▶ GIVEN DATA:
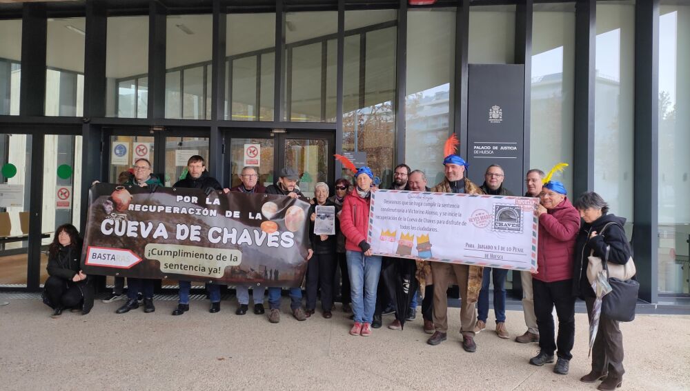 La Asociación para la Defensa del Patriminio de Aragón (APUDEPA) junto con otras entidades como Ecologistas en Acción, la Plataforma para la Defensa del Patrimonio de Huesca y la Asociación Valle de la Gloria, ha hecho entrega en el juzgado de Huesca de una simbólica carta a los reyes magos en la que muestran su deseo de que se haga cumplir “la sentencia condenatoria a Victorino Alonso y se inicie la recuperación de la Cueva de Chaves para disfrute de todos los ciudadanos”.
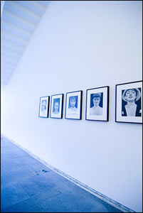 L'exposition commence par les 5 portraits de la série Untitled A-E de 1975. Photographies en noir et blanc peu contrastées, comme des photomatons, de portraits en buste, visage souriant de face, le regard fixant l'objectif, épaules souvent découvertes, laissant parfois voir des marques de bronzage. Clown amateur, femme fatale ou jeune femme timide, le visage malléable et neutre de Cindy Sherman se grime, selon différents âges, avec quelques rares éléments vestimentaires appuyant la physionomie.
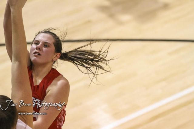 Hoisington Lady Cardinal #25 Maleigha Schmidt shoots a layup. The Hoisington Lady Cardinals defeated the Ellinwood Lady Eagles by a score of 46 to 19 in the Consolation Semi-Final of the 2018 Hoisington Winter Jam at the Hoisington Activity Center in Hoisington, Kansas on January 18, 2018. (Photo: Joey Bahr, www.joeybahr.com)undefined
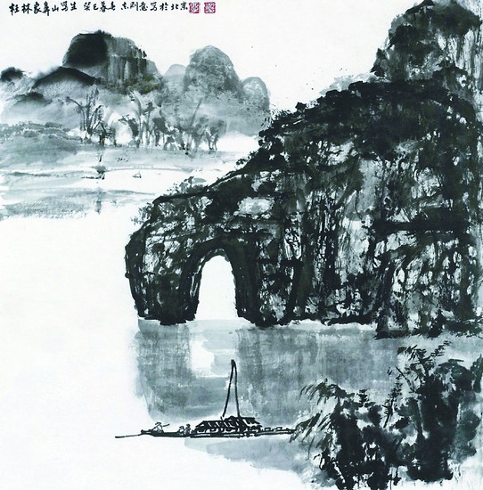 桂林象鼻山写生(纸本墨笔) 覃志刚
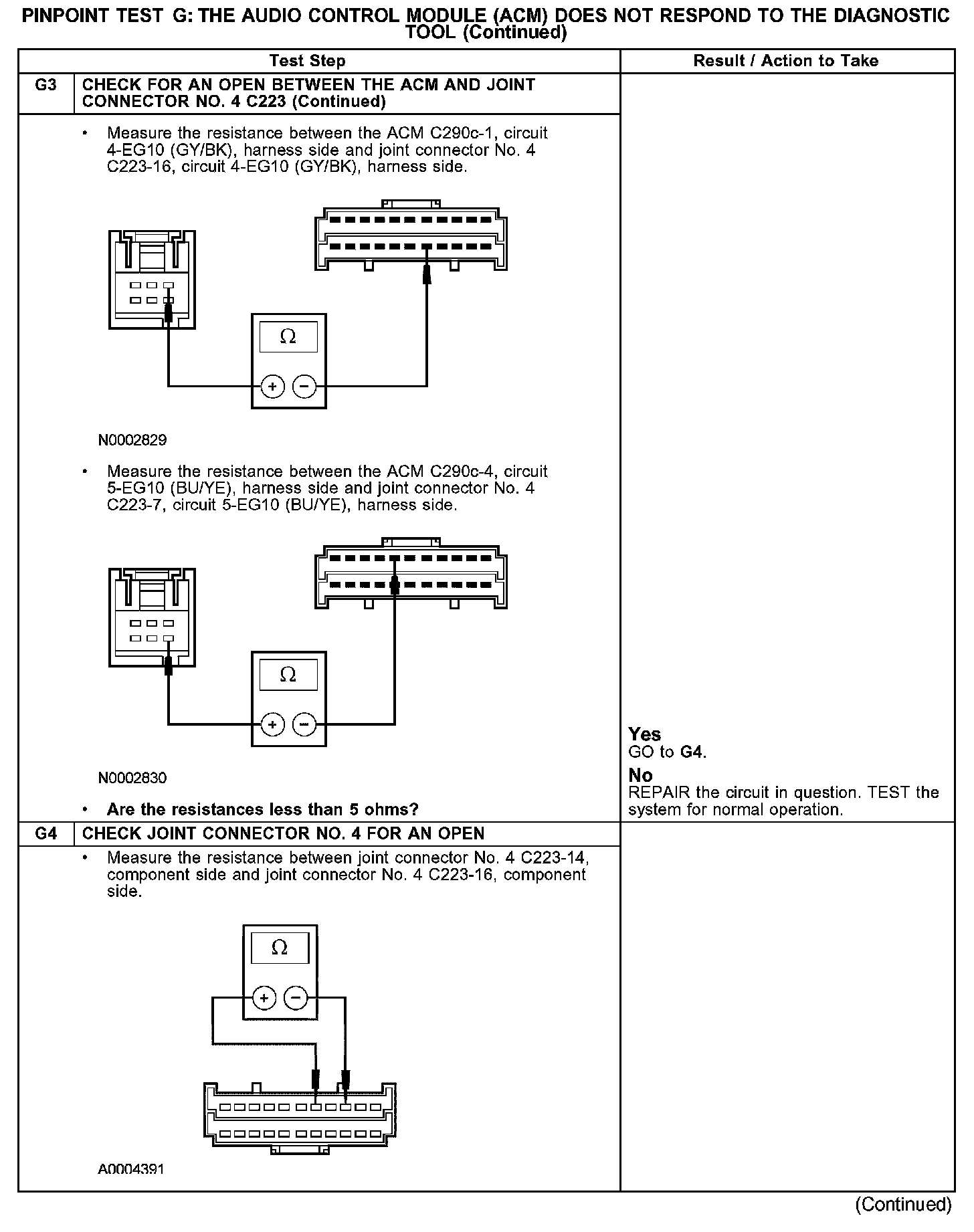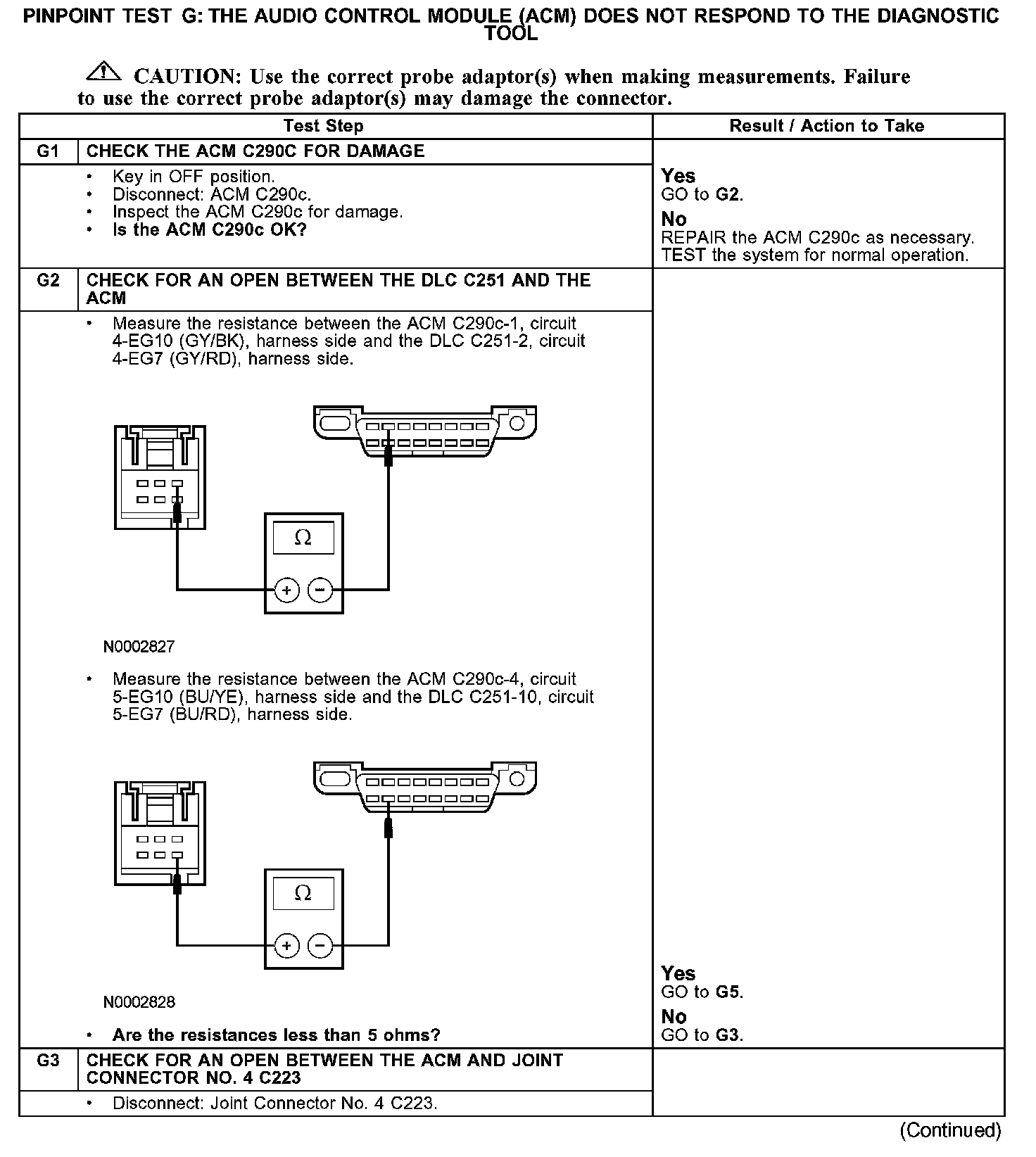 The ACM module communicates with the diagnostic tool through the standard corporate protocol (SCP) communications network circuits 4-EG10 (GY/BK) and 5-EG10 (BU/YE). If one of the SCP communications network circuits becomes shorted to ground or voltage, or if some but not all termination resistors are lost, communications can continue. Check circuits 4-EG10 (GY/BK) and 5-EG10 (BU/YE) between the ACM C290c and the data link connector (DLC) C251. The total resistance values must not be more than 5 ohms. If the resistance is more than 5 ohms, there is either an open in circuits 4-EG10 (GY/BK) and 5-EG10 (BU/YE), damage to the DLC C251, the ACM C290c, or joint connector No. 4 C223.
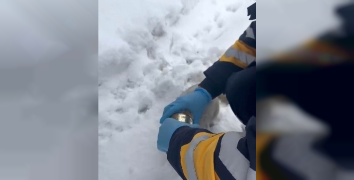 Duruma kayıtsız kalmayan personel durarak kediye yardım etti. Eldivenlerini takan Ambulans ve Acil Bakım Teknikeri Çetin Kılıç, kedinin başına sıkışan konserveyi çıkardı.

▶ PROBLEM:
Write out the material above again, word for word, minus its pictures.

▶ SOLUTION TO THE PROBLEM:
 La Asociación para la Defensa del Patriminio de Aragón (APUDEPA) junto con otras entidades como Ecologistas en Acción, la Plataforma para la Defensa del Patrimonio de Huesca y la Asociación Valle de la Gloria, ha hecho entrega en el juzgado de Huesca de una simbólica carta a los reyes magos en la que muestran su deseo de que se haga cumplir “la sentencia condenatoria a Victorino Alonso y se inicie la recuperación de la Cueva de Chaves para disfrute de todos los ciudadanos”.
 L'exposition commence par les 5 portraits de la série Untitled A-E de 1975. Photographies en noir et blanc peu contrastées, comme des photomatons, de portraits en buste, visage souriant de face, le regard fixant l'objectif, épaules souvent découvertes, laissant parfois voir des marques de bronzage. Clown amateur, femme fatale ou jeune femme timide, le visage malléable et neutre de Cindy Sherman se grime, selon différents âges, avec quelques rares éléments vestimentaires appuyant la physionomie.
 Hoisington Lady Cardinal #25 Maleigha Schmidt shoots a layup. The Hoisington Lady Cardinals defeated the Ellinwood Lady Eagles by a score of 46 to 19 in the Consolation Semi-Final of the 2018 Hoisington Winter Jam at the Hoisington Activity Center in Hoisington, Kansas on January 18, 2018. (Photo: Joey Bahr, www.joeybahr.com)undefined
 桂林象鼻山写生(纸本墨笔) 覃志刚
 The ACM module communicates with the diagnostic tool through the standard corporate protocol (SCP) communications network circuits 4-EG10 (GY/BK) and 5-EG10 (BU/YE). If one of the SCP communications network circuits becomes shorted to ground or voltage, or if some but not all termination resistors are lost, communications can continue. Check circuits 4-EG10 (GY/BK) and 5-EG10 (BU/YE) between the ACM C290c and the data link connector (DLC) C251. The total resistance values must not be more than 5 ohms. If the resistance is more than 5 ohms, there is either an open in circuits 4-EG10 (GY/BK) and 5-EG10 (BU/YE), damage to the DLC C251, the ACM C290c, or joint connector No. 4 C223.
 Duruma kayıtsız kalmayan personel durarak kediye yardım etti. Eldivenlerini takan Ambulans ve Acil Bakım Teknikeri Çetin Kılıç, kedinin başına sıkışan konserveyi çıkardı.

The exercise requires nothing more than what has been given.